Ikhtiar Bertahan di Musim Dingin, Muhajirin Suriah Membakar Sampah agar Keluarganya Tetap Merasa Hangat  

30 November 2023, 17:41.

Wadha al-Yousef, 36, membakar potongan ranting yang dia temukan untuk menjaga kelima anaknya tetap hangat di tenda keluarganya di kamp Kafr Yahmul di barat laut Suriah. Foto: Ali Haj Suleiman/Al Jazeera

Ikhtiar Bertahan di Musim Dingin, Muhajirin Suriah Membakar Sampah agar Keluarganya Tetap Merasa Hangat  

SURIAH (Al Jazeera) – Saat musim dingin tiba, para penghuni kamp pengungsian informal di utara Kota Idlib bersiap menghadapi suhu menusuk tulang selama beberapa bulan mendatang.  

“Saya takut air akan merembes ke dalam tenda dan anak-anak saya akan sakit,” kata Fateem al-Yousef, sambil memandang langit mendung dengan cemas.  

Fateem, 40 tahun, telah menjadi muhajirin sejak tahun-tahun awal kekerasan rezim diktator Assad yang dimulai pada tahun 2011.  

Dia meninggalkan desanya di selatan Idlib, lalu berpindah dari satu desa ke desa lainnya. Empat tahun lalu, dia, suaminya, Khaled al-Hassan, dan sembilan anak mereka akhirnya menetap di kamp Kafr Yahmul, tempat 70 keluarga muhajirin tinggal di tanah sewaan.  

Kenangan hari pertama mereka di kamp masih teringat jelas, kata Fateem, karena saat itu diiringi hujan. Dia baru saja melahirkan, dan air merembes ke dalam tenda keluarganya.  

“Situasinya sangat sulit karena kami tidak siap (menghadapi kondisi itu),” kata Fateem, “kami merasakan ada air di mana-mana, dan kami tidak memiliki penghangat untuk anak-anak kami.” 

Saat ini, para muhajirin di barat laut Suriah membakar kulit pistachio, hazelnut, zaitun, potongan kayu bakar dan arang, sampai potongan plastik, nilon dan karton agar tetap hangat karena harga solar melonjak tinggi. Namun, pilihan ini pun harus dibayar mahal karena dapat merusak kesehatan. 
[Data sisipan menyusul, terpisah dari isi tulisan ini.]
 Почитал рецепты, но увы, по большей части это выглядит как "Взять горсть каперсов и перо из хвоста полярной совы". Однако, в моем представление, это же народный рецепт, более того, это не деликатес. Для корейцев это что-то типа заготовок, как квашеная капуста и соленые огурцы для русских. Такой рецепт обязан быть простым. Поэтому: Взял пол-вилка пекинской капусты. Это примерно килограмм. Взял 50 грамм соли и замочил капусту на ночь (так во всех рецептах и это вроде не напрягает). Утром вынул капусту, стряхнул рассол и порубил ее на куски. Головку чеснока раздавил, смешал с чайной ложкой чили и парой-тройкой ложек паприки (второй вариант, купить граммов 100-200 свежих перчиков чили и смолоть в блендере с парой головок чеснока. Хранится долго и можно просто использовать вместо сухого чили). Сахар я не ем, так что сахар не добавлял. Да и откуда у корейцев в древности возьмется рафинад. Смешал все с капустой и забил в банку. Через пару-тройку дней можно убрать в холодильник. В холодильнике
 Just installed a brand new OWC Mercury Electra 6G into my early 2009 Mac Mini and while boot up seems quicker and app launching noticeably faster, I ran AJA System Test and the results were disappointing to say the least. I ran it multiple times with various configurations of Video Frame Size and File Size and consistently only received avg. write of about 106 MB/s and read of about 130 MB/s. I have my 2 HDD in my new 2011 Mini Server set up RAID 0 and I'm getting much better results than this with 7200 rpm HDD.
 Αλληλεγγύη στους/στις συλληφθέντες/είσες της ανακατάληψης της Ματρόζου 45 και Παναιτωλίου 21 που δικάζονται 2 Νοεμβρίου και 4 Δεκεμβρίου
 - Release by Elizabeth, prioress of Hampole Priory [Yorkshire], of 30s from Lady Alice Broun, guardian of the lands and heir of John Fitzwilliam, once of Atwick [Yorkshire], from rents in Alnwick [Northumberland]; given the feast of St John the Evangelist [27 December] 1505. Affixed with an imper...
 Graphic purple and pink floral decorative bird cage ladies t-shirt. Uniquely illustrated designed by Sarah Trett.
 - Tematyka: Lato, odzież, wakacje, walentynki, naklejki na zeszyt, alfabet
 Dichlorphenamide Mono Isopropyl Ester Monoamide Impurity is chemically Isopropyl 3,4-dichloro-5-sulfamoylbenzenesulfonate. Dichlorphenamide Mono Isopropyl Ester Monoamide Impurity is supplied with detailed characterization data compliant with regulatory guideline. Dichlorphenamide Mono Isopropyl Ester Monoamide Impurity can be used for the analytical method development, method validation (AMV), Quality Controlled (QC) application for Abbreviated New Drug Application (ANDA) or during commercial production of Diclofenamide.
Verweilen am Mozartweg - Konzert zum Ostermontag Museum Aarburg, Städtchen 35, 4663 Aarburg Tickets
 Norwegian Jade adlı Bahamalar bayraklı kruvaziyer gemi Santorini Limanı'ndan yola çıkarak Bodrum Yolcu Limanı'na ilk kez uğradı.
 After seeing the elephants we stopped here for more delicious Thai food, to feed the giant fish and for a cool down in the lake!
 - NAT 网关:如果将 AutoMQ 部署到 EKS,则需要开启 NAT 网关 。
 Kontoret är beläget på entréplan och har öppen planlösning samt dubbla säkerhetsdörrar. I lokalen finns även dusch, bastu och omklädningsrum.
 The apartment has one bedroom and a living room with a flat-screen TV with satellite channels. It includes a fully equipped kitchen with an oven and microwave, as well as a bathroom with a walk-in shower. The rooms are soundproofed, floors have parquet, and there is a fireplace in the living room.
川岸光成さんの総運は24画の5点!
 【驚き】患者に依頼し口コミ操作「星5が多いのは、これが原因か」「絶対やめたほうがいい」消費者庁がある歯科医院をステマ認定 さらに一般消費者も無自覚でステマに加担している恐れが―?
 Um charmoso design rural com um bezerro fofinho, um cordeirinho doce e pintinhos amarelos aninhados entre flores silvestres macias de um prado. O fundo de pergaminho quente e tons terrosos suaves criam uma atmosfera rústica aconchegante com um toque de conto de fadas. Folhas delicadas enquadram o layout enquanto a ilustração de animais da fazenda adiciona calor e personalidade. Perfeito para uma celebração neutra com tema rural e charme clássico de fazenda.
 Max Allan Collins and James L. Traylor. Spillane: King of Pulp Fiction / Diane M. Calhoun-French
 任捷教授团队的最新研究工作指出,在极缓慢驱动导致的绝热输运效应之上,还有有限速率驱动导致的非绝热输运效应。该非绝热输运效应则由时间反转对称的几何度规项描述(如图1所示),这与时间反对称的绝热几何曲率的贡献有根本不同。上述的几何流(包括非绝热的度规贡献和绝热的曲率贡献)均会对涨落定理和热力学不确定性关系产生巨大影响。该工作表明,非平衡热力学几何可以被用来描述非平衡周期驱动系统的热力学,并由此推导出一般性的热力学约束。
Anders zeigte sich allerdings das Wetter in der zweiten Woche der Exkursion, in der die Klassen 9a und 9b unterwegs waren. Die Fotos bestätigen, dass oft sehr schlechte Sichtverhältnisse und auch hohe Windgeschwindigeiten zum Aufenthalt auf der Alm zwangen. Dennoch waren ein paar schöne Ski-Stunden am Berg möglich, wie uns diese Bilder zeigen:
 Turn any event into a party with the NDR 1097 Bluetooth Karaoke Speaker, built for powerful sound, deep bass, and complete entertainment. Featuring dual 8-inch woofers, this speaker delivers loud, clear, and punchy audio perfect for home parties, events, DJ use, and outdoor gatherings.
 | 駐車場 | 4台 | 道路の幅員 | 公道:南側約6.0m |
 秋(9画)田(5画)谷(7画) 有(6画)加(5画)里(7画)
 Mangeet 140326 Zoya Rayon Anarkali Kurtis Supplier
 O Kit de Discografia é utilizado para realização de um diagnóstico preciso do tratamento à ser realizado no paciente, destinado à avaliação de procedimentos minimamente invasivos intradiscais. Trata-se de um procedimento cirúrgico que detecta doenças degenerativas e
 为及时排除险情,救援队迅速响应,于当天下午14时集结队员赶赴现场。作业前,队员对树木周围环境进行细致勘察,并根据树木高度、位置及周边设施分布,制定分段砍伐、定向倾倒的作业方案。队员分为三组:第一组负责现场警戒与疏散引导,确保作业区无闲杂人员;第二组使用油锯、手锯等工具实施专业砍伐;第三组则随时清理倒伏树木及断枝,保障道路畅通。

Fateem mengatakan, dia dan keluarganya hampir tidak dapat memenuhi kebutuhan hidup, meskipun sebagian besar dari mereka bekerja.  

Putri sulungnya, 15 tahun, dan putranya yang berusia 14 tahun, bekerja sebagai buruh tani. Sementara itu, anak-anaknya yang lebih kecil mengumpulkan barang-barang bekas dari pinggir jalan. Suaminya, 47 tahun, bekerja serabutan kapan pun ada kesempatan.  

Meski begitu, keluarga tersebut masih tidak mampu membeli semua yang mereka butuhkan untuk melewati musim dingin.  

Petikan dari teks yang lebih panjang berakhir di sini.